**YOUR ASSIGNMENT**
The answer should contain only the lines from the beginning of the entries through the line that holds "ล่าสุด ชาย อานันท์ทวีป", given again exactly, with no pictures.

**TASK MATERIAL**
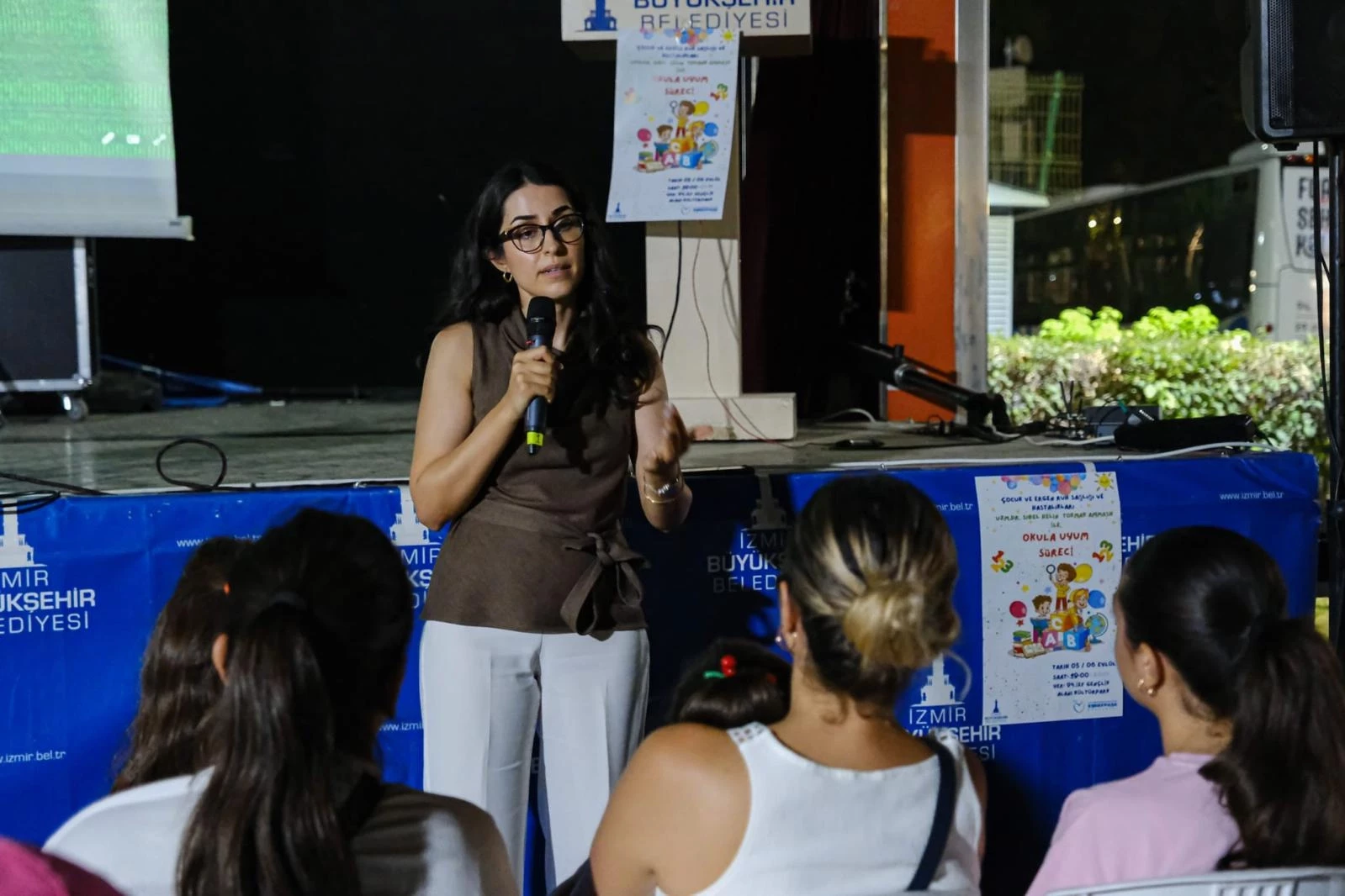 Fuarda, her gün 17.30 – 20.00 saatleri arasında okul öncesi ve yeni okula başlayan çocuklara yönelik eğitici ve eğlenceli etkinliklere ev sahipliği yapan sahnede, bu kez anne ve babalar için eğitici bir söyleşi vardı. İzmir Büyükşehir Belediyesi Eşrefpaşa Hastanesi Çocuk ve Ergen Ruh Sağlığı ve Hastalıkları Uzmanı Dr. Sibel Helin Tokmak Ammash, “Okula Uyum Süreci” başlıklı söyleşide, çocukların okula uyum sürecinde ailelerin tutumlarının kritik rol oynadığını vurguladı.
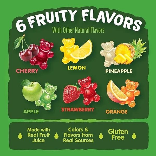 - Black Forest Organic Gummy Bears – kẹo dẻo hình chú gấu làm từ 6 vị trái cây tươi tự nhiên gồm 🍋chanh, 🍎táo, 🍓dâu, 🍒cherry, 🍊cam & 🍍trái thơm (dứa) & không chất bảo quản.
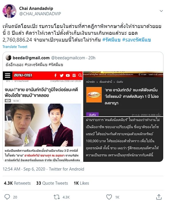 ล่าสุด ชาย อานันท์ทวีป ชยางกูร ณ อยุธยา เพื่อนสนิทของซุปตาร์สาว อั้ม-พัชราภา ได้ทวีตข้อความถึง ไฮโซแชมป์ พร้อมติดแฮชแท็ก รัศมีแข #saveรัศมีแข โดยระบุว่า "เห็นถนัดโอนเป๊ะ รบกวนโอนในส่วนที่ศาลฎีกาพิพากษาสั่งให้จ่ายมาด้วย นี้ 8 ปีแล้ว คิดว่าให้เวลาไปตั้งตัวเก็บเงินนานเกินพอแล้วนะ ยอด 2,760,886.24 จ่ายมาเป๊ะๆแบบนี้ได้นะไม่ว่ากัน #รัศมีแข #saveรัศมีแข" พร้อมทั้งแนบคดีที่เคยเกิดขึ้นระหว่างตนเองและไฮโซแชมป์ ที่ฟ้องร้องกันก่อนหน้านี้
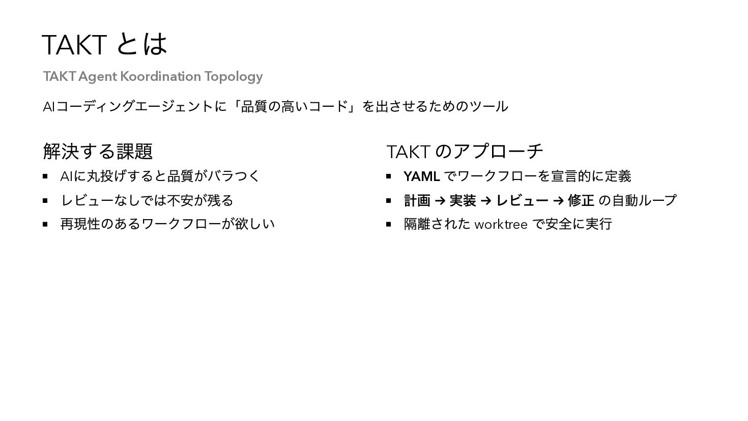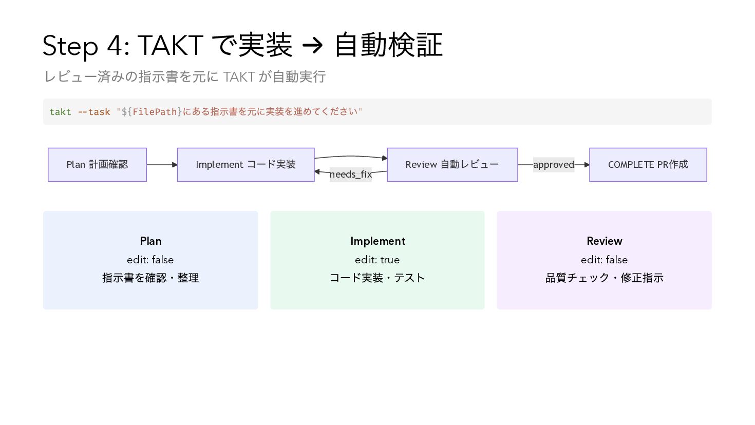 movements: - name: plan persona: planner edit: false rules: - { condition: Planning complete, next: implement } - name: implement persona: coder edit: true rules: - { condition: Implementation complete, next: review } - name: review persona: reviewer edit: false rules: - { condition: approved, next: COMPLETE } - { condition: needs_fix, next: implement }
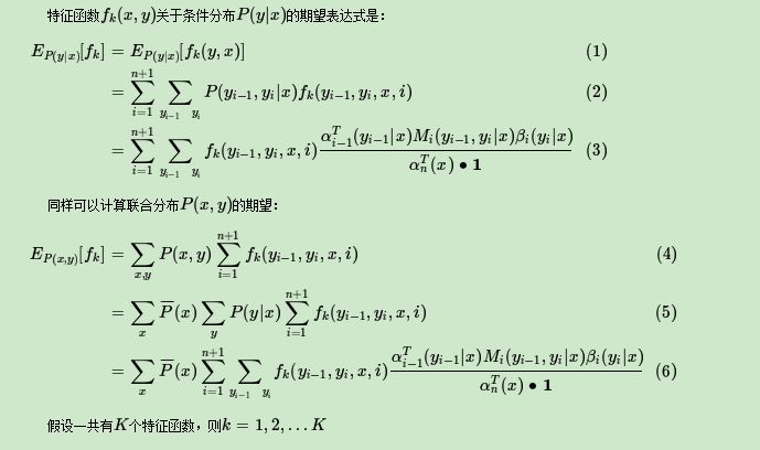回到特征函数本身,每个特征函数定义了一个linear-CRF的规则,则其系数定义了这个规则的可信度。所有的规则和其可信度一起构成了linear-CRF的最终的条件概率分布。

**FINAL ANSWER**
 Fuarda, her gün 17.30 – 20.00 saatleri arasında okul öncesi ve yeni okula başlayan çocuklara yönelik eğitici ve eğlenceli etkinliklere ev sahipliği yapan sahnede, bu kez anne ve babalar için eğitici bir söyleşi vardı. İzmir Büyükşehir Belediyesi Eşrefpaşa Hastanesi Çocuk ve Ergen Ruh Sağlığı ve Hastalıkları Uzmanı Dr. Sibel Helin Tokmak Ammash, “Okula Uyum Süreci” başlıklı söyleşide, çocukların okula uyum sürecinde ailelerin tutumlarının kritik rol oynadığını vurguladı.
 - Black Forest Organic Gummy Bears – kẹo dẻo hình chú gấu làm từ 6 vị trái cây tươi tự nhiên gồm 🍋chanh, 🍎táo, 🍓dâu, 🍒cherry, 🍊cam & 🍍trái thơm (dứa) & không chất bảo quản.
 ล่าสุด ชาย อานันท์ทวีป ชยางกูร ณ อยุธยา เพื่อนสนิทของซุปตาร์สาว อั้ม-พัชราภา ได้ทวีตข้อความถึง ไฮโซแชมป์ พร้อมติดแฮชแท็ก รัศมีแข #saveรัศมีแข โดยระบุว่า "เห็นถนัดโอนเป๊ะ รบกวนโอนในส่วนที่ศาลฎีกาพิพากษาสั่งให้จ่ายมาด้วย นี้ 8 ปีแล้ว คิดว่าให้เวลาไปตั้งตัวเก็บเงินนานเกินพอแล้วนะ ยอด 2,760,886.24 จ่ายมาเป๊ะๆแบบนี้ได้นะไม่ว่ากัน #รัศมีแข #saveรัศมีแข" พร้อมทั้งแนบคดีที่เคยเกิดขึ้นระหว่างตนเองและไฮโซแชมป์ ที่ฟ้องร้องกันก่อนหน้านี้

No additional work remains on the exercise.